NYから移住したアーティストtaka konoが提唱するアートスペースとして、都心のホワイトキューブの真逆にあたるオフサイトのギャラリーを実現した「mcg21xoxo」。松戸駅5分に立地するスケルトン状態の1F2Fからなる2部屋をそのまま活用したアートギャラリーとして運営されました。さらにその後、松戸駅前にありながら40年近く使われず廃墟同様になっていたビル地下フロアを活用した現代アート映像作品専門のプライベートシアターギャラリーが「mcg21xoxo sandue」です。

  • プロジェクト名
    • mcg21xoxo |mcg21xoxo sundae
  • 実施期間
    • 2020年12月~2022年4月

ストーリー

地方都市の慢性的な空き家・空きテナントは社会問題化しており、最近はリノベーションの話題もごく一般的となりました。一方でリノベーション自体がビジネススキームであったり、事業目的化している側面もあり、空き物件をできるだけ創意工夫やアイデア、DIY精神で再生しようという試行錯誤が変わらず求められています。mcg21xoxoの基本的なコンセプトは、未来の世界で廃墟化したギャラリー。そもそも廃墟に近い状態であること自体が価値として認められており、空きテナントの価値転換を諮るものでもありました。

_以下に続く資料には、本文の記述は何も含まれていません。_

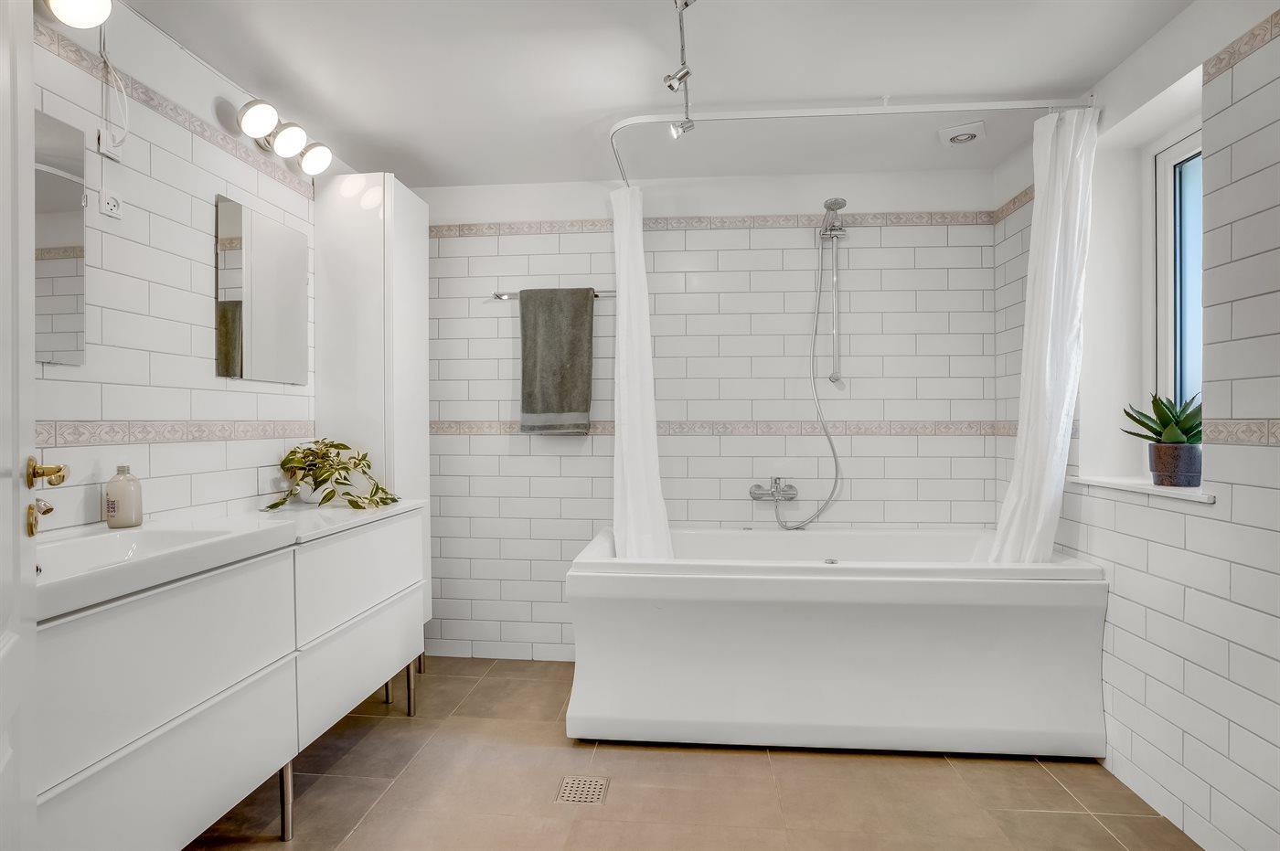 Es gibt 1 Badezimmer mit Fußbodenheizung, Badewanne sowie Handbrause und 1 Badezimmer mit Fußbodenheizung und Duschnische.

第1弾となったmcg21xoxoではスケルトン状態のまま1Fでの展示と2Fでのラウンジを設置しました。連続して企画展を行う一方で、コンセプトのとおり路面にも宣伝やサインが全くない運営であったり、室内でも人間のアート作品が目線の高さ以外に配置され、場合によっては見つかりづらい箇所に隠されて展示されるなど、特徴的なキュレーションが行われました。また続いて実施されたmcg21xoxo sundaeでも同様にスケルトンそのままを活用しながら、同ビル2Fで長く営業するレトロな喫茶店と交流し、シアターへの入店時には喫茶店が受付となり店内EVが動線になる、共同開発したケミカルな見た目の緑色サンデーが付くなど、地元店舗と協力した連携を行いました。

成果

mcg21xoxoでは7回に渡り国内外のアーティストによる展示会が開催され、普段は都内で活動するクリエイターも多く松戸に来訪する機会となりました。またmcg21xoxo sundaeでは有料の予約制での営業を行い、40組以上アーティストの映像作品を上映しました。単純な集客や売上以上に、評価しづらいながら人材誘致や情報発信に繋がる取組だったと言えます。実際にまちづクリエイティブではこの活動を契機に移住したクリエイターが複数人いました。そして主宰のtaka konoはこれらの活動を経て、国内の大型展示への参加、海外を行き来する作家活動を行うようになっています。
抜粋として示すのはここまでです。